Acquired hemophilia A (AHA) is a rare bleeding disorder caused by inhibitory autoantibodies to factor (F)VIII. The goals of treatment are 2-fold, namely immunosuppressive therapy to eradicate the inhibitor and hemostatic management to control bleeding. Emicizumab, a bispecific antibody that acts as a FVIIIa-mimetic, has seen growing use in AHA following its approval for congenital hemophilia A. This review provides an overview of the epidemiology, pathophysiology, diagnosis, and treatment of AHA. Registry, trial, and case series data are assimilated and summarized with an emphasis on a standardized approach that integrates the use of emicizumab. With recent registry data suggesting the need to focus on immunosuppression-related mortality in AHA, we provide treatment recommendations in an algorithmic format that have become the standard of care at our institution. These recommendations are intended to minimize hemostatic product usage and potential toxicity related to immunosuppressive therapy while reducing morbidity and rehospitalization rates for bleeding. The proposed treatment algorithm, which includes key interventions by phase of therapy, can be readily implemented at centers that have rapid access to plasma FVIII activity using a one-stage assay. A case is presented to illustrate the proposed diagnostic and management considerations.

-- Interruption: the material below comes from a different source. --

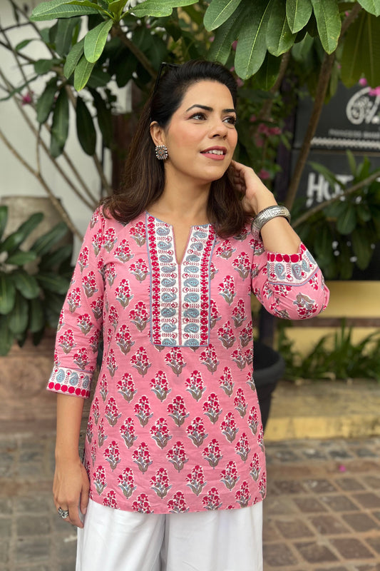 Printed Sequinned Pure Cotton Kurti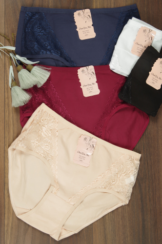Симпатичные классические трусики средней посадки из гладкого эластичного хлопка. Спереди набивной рисунок" и полоска кружева. Производство - Китай.

获得性血友病 A:Emicizumab 时代的叙事回顾和管理方法。
获得性血友病 A(AHA)是一种罕见的出血性疾病,由因子 VIII(FVIII)抑制性自身抗体引起。治疗的目标有两个方面,一是通过免疫抑制疗法(IST)消除抑制因子,二是通过止血治疗控制出血。Emicizumab是一种双特异性抗体,可作为因子VIIIa(FVIIIa)的模拟物,在被批准用于先天性A型血友病(cHA)治疗后,在AHA中的应用日益广泛。本综述概述了 AHA 的流行病学、病理生理学、诊断和治疗。对登记、试验和病例系列数据进行了吸收和总结,重点强调了整合使用埃米珠单抗的标准化方法。最近的登记数据表明,有必要关注 AHA 中与免疫抑制相关的死亡率,因此我们以算法的形式提供了治疗建议,这些建议已成为我们医院的标准治疗方法。这些建议旨在最大限度地减少止血产品的使用和与 IST 相关的潜在毒性,同时降低出血的发病率和再住院率。建议的治疗算法包括按治疗阶段划分的关键干预措施,可在使用单阶段检测法快速获取血浆 FVIII 活性的中心随时实施。本文介绍了一个病例,以说明建议的诊断和管理注意事项。
本文章由计算机程序翻译,如有差异,请以英文原文为准。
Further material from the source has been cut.